Palestinos carregam suprimentos de ajuda que entraram em Gaza através de Israel, em Beit Lahia, no norte da Faixa de Gaza, em 27 de julho de 2025. — Foto: REUTERS/Dawoud Abu Alkas


O ministro da Segurança Nacional de Israel defendeu, neste domingo (3), que o país exerça soberania sobre a Faixa de Gaza — território palestino bombardeado desde outubro do ano passado. Conhecido por posições ultranacionalistas, o titular da pasta afirmou que Israel deveria anexar não apenas Gaza, mas também a Cisjordânia, o que, na prática, significaria o controle total das áreas palestinas ocupadas.


A declaração ocorre ao mesmo tempo em que cresce o número de países — entre eles Reino Unido, França, Canadá e Portugal — favoráveis ao reconhecimento pleno do Estado da Palestina.

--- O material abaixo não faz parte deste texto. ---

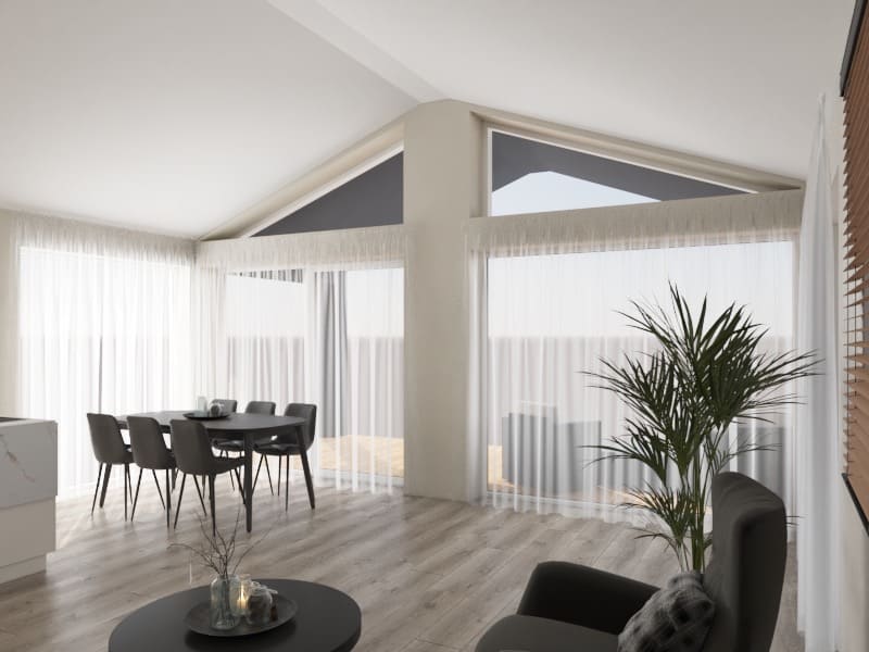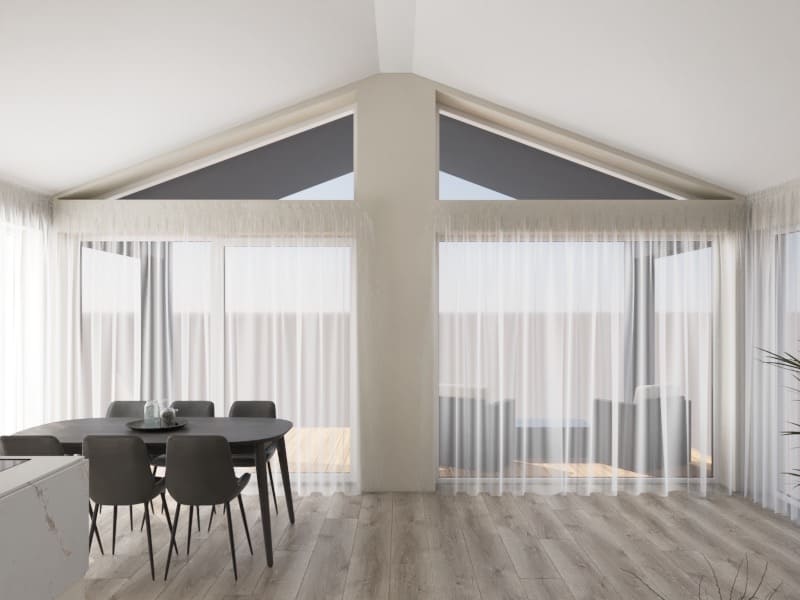 Húsið er klætt að utan með hvítri RAL 9016 viðarklæðningu.

A expectativa é de que o tema ganhe impulso durante a Assembleia Geral da ONU, marcada para setembro. A tomada de posição dessas nações têm incomodado o governo israelense, que vê na iniciativa um movimento para pressionar o fim da guerra e avançar na criação de um Estado palestino independente como solução de longo prazo para o conflito.

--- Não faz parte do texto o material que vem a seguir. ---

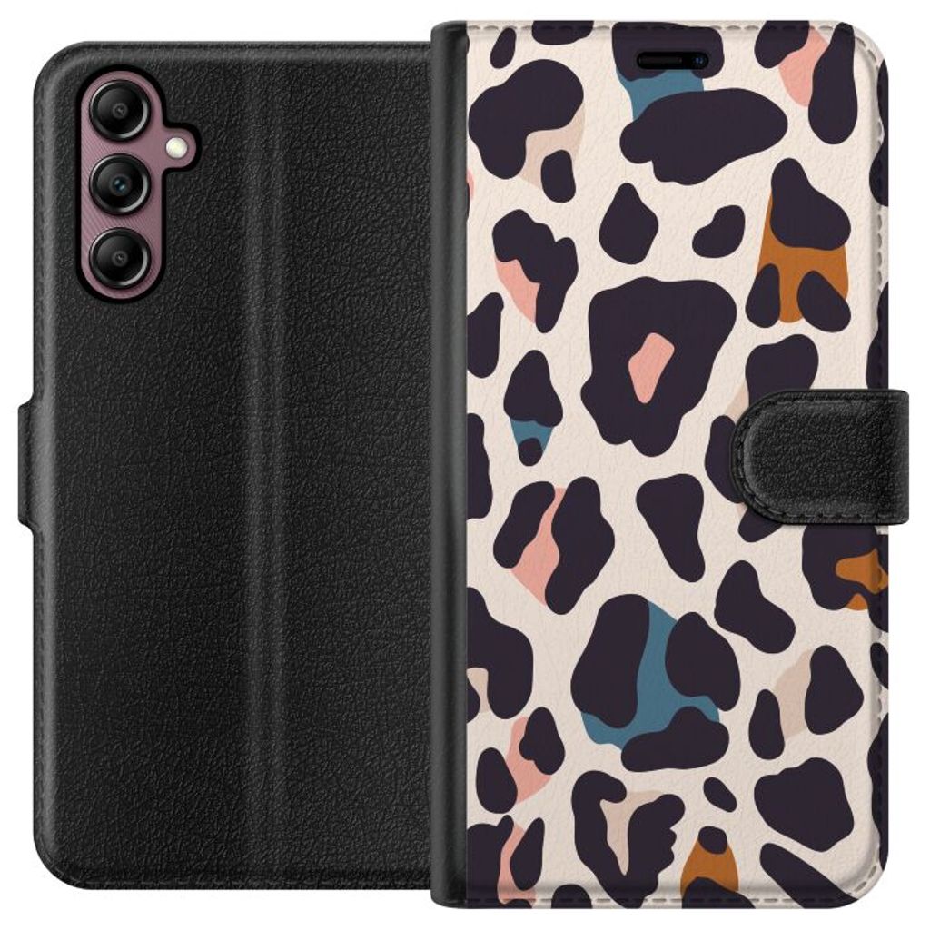 Samsung Galaxy A14 5G Svart Plånboksfodral Leopardmönster

As falas do ministro também foram condenadas por autoridades internacionais, que interpretam a defesa da expulsão de palestinos de seus territórios como um incentivo à limpeza étnica. A visita recente do chefe da pasta à Esplanada das Mesquitas — local sagrado para muçulmanos e judeus no centro histórico de Jerusalém — intensificou ainda mais as tensões na região, considerada de alta sensibilidade religiosa e geopolítica.

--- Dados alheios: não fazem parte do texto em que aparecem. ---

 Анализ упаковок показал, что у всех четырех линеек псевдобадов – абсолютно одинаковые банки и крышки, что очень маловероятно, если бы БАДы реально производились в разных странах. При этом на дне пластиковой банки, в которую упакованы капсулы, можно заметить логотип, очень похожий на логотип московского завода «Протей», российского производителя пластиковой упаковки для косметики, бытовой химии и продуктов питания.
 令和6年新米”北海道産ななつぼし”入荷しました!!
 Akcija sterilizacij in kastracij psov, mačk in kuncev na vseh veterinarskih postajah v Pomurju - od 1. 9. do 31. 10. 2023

Enquanto declarações polêmicas circulam no plano político, a crise humanitária na Faixa de Gaza só se agrava. De acordo com o chefe da Agência das Nações Unidas para os Refugiados Palestinos (UNRWA), pelo menos 1.400 mortes já estariam relacionadas à fome no território. O governo local, no entanto, reconhece oficialmente mais de 150 vítimas. Na avaliação da ONU, a situação é consequência direta da restrição imposta por Israel à entrada de ajuda humanitária.


A agência acusa Israel de criar, ao lado dos Estados Unidos, uma fundação paralela para distribuição de alimentos, à margem do sistema tradicional coordenado pela ONU há décadas. Segundo o órgão, a nova estrutura não consegue atender a população de forma efetiva e tem dificultado o fornecimento de itens básicos como água, alimentos e medicamentos. A UNRWA também rejeita a alegação israelense de que boa parte dos suprimentos fornecidos pelas Nações Unidas era desviada pelo Hamas.


Israel, por sua vez, insiste que não é responsável pelo desabastecimento e aponta que os grupos armados palestinos utilizam ajuda internacional para fins militares. Enquanto o impasse político e diplomático segue sem resolução, milhares de famílias permanecem em situação crítica, dependendo de corredores humanitários instáveis para sobreviver.


Fontes: agências de notícias internacionais.